**The task:** From the line containing "강릉시 중앙동은 19일" through the last line of the records below, output every line exactly as it appears, but leave out the pictures.

**Given records:**
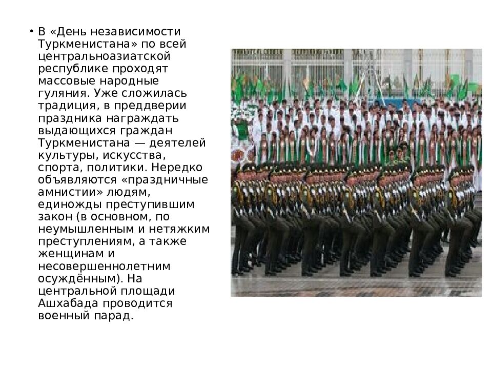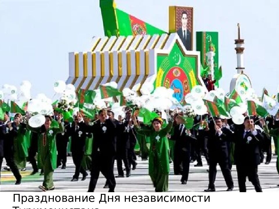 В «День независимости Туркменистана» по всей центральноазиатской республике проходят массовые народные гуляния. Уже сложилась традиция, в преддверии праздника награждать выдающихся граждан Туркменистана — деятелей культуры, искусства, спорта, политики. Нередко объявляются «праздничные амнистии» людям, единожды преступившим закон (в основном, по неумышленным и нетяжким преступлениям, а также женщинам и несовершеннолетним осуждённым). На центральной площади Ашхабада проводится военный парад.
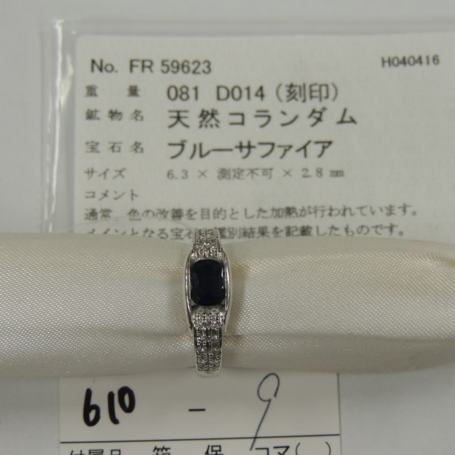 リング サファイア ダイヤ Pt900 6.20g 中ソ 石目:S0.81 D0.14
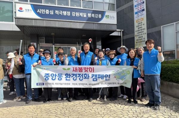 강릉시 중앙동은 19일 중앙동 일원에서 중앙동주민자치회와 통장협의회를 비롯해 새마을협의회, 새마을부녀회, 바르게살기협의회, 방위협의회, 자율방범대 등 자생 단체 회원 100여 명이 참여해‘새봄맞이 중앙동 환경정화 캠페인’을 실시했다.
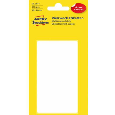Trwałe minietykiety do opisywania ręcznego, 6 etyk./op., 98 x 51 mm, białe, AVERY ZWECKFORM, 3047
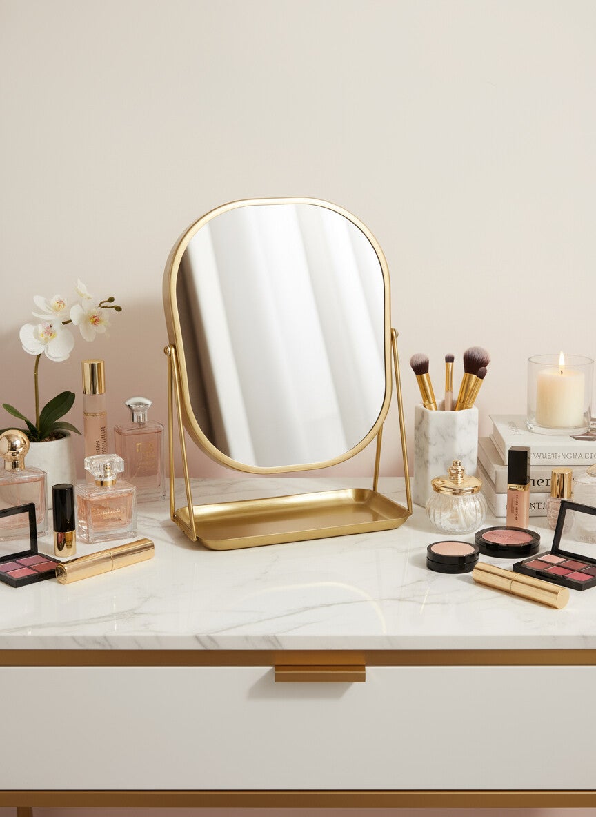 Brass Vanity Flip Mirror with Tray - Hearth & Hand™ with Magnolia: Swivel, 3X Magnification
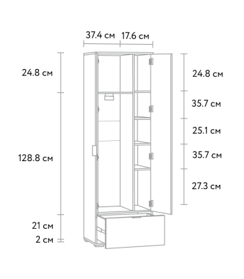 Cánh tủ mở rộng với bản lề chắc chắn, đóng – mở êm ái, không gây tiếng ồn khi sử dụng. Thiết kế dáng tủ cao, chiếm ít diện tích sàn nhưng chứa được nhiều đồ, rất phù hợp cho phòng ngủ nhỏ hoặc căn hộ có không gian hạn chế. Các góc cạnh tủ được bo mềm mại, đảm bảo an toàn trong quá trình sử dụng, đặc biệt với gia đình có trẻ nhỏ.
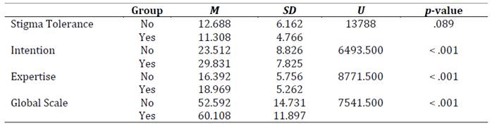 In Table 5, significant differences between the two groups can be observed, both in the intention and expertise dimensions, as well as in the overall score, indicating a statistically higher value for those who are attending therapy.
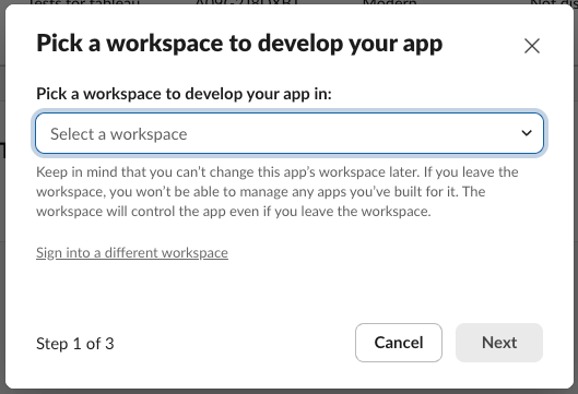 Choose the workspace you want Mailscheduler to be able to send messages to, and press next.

**Answer space:**
 강릉시 중앙동은 19일 중앙동 일원에서 중앙동주민자치회와 통장협의회를 비롯해 새마을협의회, 새마을부녀회, 바르게살기협의회, 방위협의회, 자율방범대 등 자생 단체 회원 100여 명이 참여해‘새봄맞이 중앙동 환경정화 캠페인’을 실시했다.
Trwałe minietykiety do opisywania ręcznego, 6 etyk./op., 98 x 51 mm, białe, AVERY ZWECKFORM, 3047
 Brass Vanity Flip Mirror with Tray - Hearth & Hand™ with Magnolia: Swivel, 3X Magnification
 Cánh tủ mở rộng với bản lề chắc chắn, đóng – mở êm ái, không gây tiếng ồn khi sử dụng. Thiết kế dáng tủ cao, chiếm ít diện tích sàn nhưng chứa được nhiều đồ, rất phù hợp cho phòng ngủ nhỏ hoặc căn hộ có không gian hạn chế. Các góc cạnh tủ được bo mềm mại, đảm bảo an toàn trong quá trình sử dụng, đặc biệt với gia đình có trẻ nhỏ.
 In Table 5, significant differences between the two groups can be observed, both in the intention and expertise dimensions, as well as in the overall score, indicating a statistically higher value for those who are attending therapy.
 Choose the workspace you want Mailscheduler to be able to send messages to, and press next.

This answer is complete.